Los cincos sobrevivientes del Catalina serían trasladados al poco tiempo a la capital, que desde 1936 se llamaba Ciudad Trujillo, la flamante Ciudad Trujillo que honraba al Padre de la Patria Nueva, o quizás viceversa.
Durante el traslado ninguno se sentía seguro. Albergaban la inquietud de que podrían estar viajando hacia la muerte, viajando hacia el cementerio y no hacia un nuevo destino carcelario, pero los temores esta vez eran infundados, aunque tenían razones para temer. Posiblemente se alegraron cuando las puertas de la Fortaleza Ozama se abrieron para ellos de par en par.
«Nuestra llegada a aquel recinto fue un acontecimiento. Cuando se supo de nuestro arribo una gran cantidad de militares se aglomeró alrededor del vehículo para vernos descender. Nos llevaron a una pequeña oficina y allí llenaron algunos trámites rutinarios. Transcurrió una media hora sin que nada sucediera. Supongo que estaban esperando instrucciones. Mientras tanto frente a nosotros desfilaron muchos oficiales, algunos de los cuales conocía de vista y a otros por sus nombres. Fueron pocos los que hicieron algún comentario. Casi todos nos echaban un vistazo y abandonaban el lugar en silencio. Sólo uno de los hermanos del dictador tuvo una frase hiriente para nosotros cuando dijo mirándonos con insolencia: “Estaría bueno caerles a balazos”, mientras hacía ademán de desenfundar la pistola». (1)

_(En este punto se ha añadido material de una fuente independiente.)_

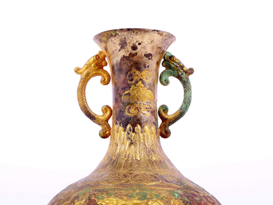 A gilt bronze amphora with lotus and dragon patterns

Aparte de ese gesto de histriónica bravuconería los prisioneros no recibieron mayores muestras de hostilidad. De hecho se sorprendieron por la casi buena acogida que les habían dispensado sus carceleros, sorprendidos y preocupados a la vez, porque no entendían la razón. Pero era sólo el principio. Muy pronto, en su nuevo alojamiento, recibirían otra muestra de aprecio, casi de amabilidad. Ninguna sorpresa podía compararse en efecto con la que estaban a punto de recibir. Toda una distinción, una visita inesperada… El hermano menor de la bestia se dignó visitarlos.
Es decir, la bestezuela consentida, el único de los hermanos de la bestia que ostentaría título de generalísimo y se permitiría lucir bicornio emplumado y ser presidente putativo de la República, uno de los más encumbrados personajes de la Era Gloriosa se dignó visitarlos.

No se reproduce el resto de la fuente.